- Problem to solve: Further down are entries; set down exactly and only the lines from the one with "我们如果冷静的思考,放到如今" up to and including the one with "KTS-1706 Portable Bluetooth", dropping each picture.

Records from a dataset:
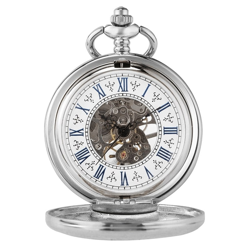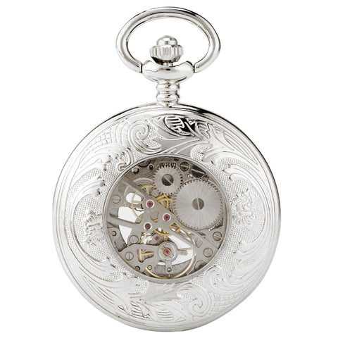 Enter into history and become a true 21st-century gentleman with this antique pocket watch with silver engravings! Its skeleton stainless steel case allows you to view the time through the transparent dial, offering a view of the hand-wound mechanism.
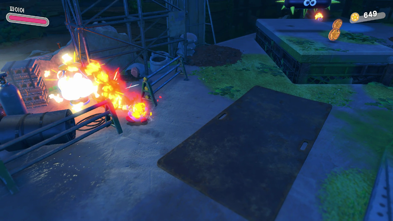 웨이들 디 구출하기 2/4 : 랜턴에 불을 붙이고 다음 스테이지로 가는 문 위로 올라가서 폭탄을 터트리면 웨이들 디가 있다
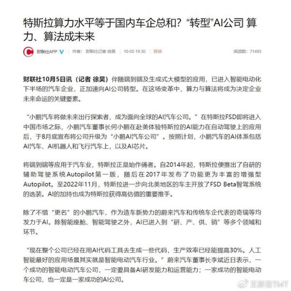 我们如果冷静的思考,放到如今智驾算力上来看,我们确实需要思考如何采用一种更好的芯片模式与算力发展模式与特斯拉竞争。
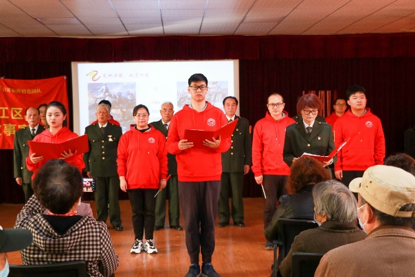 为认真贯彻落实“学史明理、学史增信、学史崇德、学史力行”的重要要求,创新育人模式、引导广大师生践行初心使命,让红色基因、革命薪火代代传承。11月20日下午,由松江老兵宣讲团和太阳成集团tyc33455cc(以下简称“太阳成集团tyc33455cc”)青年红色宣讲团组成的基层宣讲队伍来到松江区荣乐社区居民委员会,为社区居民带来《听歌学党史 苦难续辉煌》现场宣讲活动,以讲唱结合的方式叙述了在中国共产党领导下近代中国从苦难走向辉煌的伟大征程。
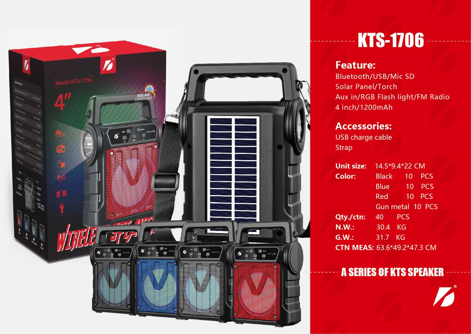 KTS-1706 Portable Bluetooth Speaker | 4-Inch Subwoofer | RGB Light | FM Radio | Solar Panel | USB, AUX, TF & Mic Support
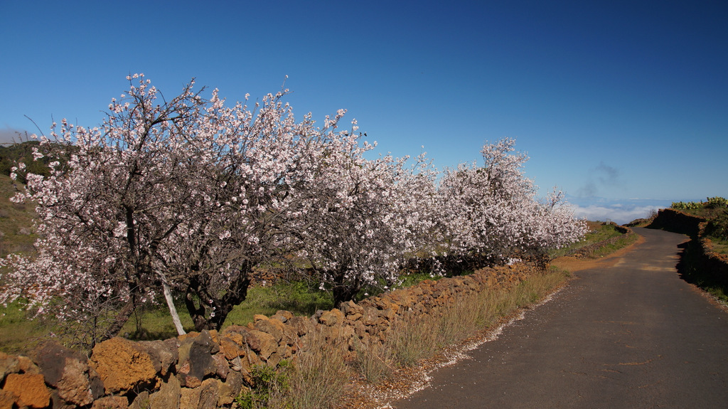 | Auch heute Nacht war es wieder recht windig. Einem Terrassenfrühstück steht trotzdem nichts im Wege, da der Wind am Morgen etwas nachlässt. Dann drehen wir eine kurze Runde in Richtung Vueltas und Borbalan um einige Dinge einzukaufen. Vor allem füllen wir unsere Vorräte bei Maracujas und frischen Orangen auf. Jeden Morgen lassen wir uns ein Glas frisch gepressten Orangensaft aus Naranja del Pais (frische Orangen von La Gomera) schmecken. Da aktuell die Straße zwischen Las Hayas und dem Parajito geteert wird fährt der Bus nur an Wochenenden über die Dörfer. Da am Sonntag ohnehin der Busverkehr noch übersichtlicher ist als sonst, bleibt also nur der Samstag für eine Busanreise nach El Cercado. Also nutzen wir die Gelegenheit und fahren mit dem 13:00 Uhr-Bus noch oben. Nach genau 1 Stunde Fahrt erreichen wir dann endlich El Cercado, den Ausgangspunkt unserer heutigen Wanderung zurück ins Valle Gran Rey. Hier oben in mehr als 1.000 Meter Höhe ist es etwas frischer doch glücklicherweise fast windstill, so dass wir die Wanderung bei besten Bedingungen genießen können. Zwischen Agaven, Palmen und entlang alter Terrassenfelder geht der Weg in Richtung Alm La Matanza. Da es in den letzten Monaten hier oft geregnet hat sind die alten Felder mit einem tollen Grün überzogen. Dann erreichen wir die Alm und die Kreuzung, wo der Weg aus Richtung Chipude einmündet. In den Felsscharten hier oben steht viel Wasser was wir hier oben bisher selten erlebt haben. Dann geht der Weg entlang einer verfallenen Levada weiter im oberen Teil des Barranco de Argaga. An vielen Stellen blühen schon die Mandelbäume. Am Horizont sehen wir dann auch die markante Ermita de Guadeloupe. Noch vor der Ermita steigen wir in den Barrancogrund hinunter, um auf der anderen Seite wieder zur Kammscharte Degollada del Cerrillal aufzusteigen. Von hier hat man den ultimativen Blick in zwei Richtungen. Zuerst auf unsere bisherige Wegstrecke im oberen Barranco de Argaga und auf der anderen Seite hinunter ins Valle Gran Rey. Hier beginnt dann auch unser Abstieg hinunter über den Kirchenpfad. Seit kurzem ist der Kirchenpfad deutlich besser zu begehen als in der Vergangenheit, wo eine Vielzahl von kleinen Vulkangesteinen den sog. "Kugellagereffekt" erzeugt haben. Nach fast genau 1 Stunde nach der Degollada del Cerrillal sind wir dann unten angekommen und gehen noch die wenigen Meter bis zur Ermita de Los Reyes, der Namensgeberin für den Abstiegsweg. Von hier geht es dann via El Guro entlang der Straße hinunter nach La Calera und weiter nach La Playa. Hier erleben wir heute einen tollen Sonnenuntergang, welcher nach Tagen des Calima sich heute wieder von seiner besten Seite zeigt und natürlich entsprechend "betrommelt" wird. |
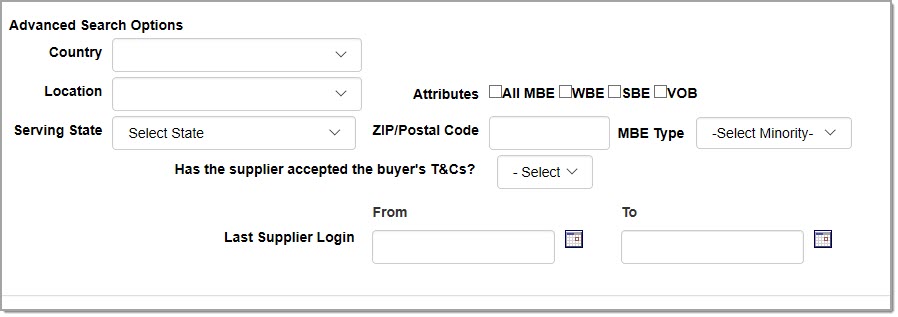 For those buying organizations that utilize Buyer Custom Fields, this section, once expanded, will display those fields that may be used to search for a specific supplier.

...

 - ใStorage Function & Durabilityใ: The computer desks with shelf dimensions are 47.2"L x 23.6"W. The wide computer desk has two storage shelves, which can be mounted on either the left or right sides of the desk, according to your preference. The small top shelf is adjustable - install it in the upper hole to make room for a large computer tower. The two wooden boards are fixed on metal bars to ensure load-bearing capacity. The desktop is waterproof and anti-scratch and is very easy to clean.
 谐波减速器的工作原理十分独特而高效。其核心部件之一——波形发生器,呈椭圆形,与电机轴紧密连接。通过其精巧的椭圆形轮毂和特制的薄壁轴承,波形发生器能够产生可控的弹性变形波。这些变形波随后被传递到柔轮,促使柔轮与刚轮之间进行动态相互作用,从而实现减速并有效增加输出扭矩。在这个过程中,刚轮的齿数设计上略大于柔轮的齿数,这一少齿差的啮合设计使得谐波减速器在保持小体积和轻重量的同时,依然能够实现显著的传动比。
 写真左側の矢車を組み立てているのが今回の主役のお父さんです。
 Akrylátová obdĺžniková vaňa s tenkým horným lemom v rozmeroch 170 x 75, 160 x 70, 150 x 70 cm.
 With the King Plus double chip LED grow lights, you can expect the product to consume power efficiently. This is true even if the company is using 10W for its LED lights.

- Solved exercise:
 我们如果冷静的思考,放到如今智驾算力上来看,我们确实需要思考如何采用一种更好的芯片模式与算力发展模式与特斯拉竞争。
 为认真贯彻落实“学史明理、学史增信、学史崇德、学史力行”的重要要求,创新育人模式、引导广大师生践行初心使命,让红色基因、革命薪火代代传承。11月20日下午,由松江老兵宣讲团和太阳成集团tyc33455cc(以下简称“太阳成集团tyc33455cc”)青年红色宣讲团组成的基层宣讲队伍来到松江区荣乐社区居民委员会,为社区居民带来《听歌学党史 苦难续辉煌》现场宣讲活动,以讲唱结合的方式叙述了在中国共产党领导下近代中国从苦难走向辉煌的伟大征程。
 KTS-1706 Portable Bluetooth Speaker | 4-Inch Subwoofer | RGB Light | FM Radio | Solar Panel | USB, AUX, TF & Mic Support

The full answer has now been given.